REQUIRED WORK >> Every line below from the one with "- VIN: 1HGCP2F40BA099352" through the one with "会议围绕当前高校高发电信网络" is to be repeated exactly, with no picture among them.

(Source records)
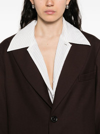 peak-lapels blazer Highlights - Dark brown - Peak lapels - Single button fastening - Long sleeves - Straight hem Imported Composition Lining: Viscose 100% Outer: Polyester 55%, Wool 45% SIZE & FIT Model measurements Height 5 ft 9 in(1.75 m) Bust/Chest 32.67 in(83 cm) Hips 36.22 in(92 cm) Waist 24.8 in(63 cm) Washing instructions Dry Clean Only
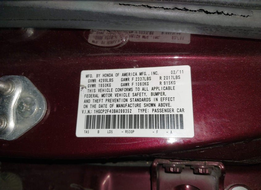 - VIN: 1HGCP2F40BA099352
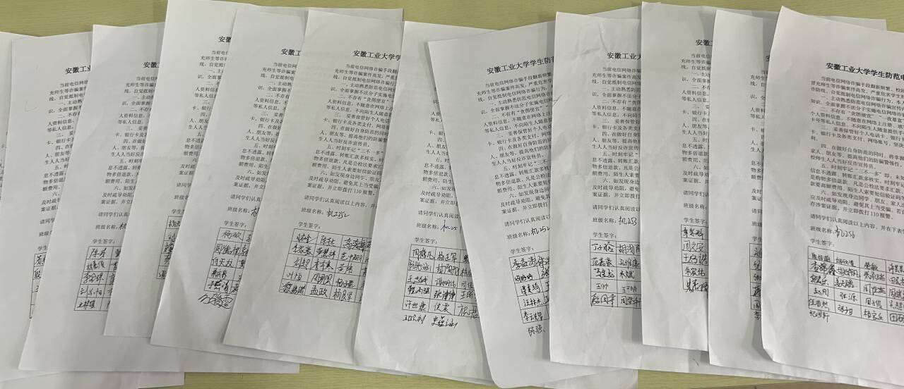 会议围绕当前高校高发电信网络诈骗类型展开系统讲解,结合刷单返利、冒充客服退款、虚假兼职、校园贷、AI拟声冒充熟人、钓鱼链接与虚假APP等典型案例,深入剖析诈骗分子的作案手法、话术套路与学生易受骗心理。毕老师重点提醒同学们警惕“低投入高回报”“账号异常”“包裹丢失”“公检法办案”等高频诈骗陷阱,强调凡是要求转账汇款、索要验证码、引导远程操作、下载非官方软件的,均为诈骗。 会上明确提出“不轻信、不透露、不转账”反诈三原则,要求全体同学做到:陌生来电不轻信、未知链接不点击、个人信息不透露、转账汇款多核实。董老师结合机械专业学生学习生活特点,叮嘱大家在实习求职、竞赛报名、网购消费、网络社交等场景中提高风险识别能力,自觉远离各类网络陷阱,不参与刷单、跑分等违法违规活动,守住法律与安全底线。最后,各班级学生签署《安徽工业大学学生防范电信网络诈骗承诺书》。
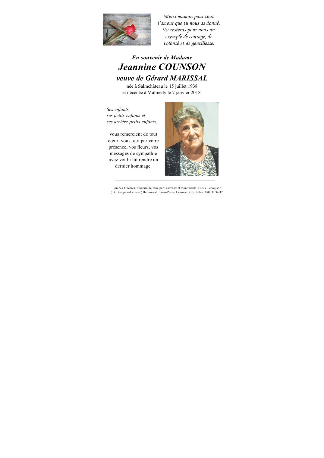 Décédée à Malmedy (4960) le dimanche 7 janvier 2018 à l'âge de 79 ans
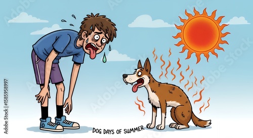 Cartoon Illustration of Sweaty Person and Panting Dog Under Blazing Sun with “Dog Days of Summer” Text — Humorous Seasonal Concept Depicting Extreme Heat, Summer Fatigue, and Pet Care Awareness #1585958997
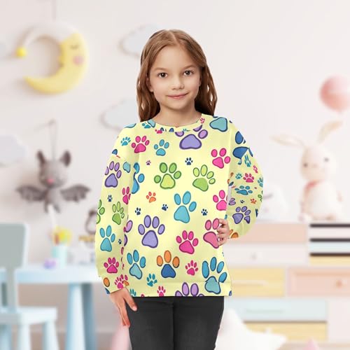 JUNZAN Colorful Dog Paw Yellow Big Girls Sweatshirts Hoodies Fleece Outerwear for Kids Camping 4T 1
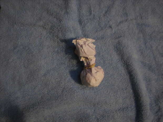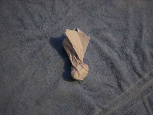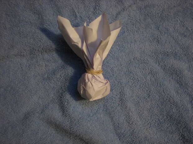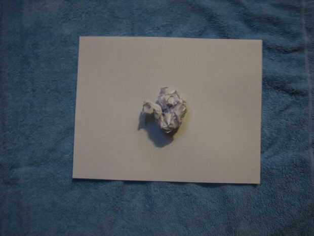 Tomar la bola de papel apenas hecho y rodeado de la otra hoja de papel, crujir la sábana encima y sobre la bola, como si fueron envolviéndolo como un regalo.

TASK RESULT >>
 - VIN: 1HGCP2F40BA099352
 会议围绕当前高校高发电信网络诈骗类型展开系统讲解,结合刷单返利、冒充客服退款、虚假兼职、校园贷、AI拟声冒充熟人、钓鱼链接与虚假APP等典型案例,深入剖析诈骗分子的作案手法、话术套路与学生易受骗心理。毕老师重点提醒同学们警惕“低投入高回报”“账号异常”“包裹丢失”“公检法办案”等高频诈骗陷阱,强调凡是要求转账汇款、索要验证码、引导远程操作、下载非官方软件的,均为诈骗。 会上明确提出“不轻信、不透露、不转账”反诈三原则,要求全体同学做到:陌生来电不轻信、未知链接不点击、个人信息不透露、转账汇款多核实。董老师结合机械专业学生学习生活特点,叮嘱大家在实习求职、竞赛报名、网购消费、网络社交等场景中提高风险识别能力,自觉远离各类网络陷阱,不参与刷单、跑分等违法违规活动,守住法律与安全底线。最后,各班级学生签署《安徽工业大学学生防范电信网络诈骗承诺书》。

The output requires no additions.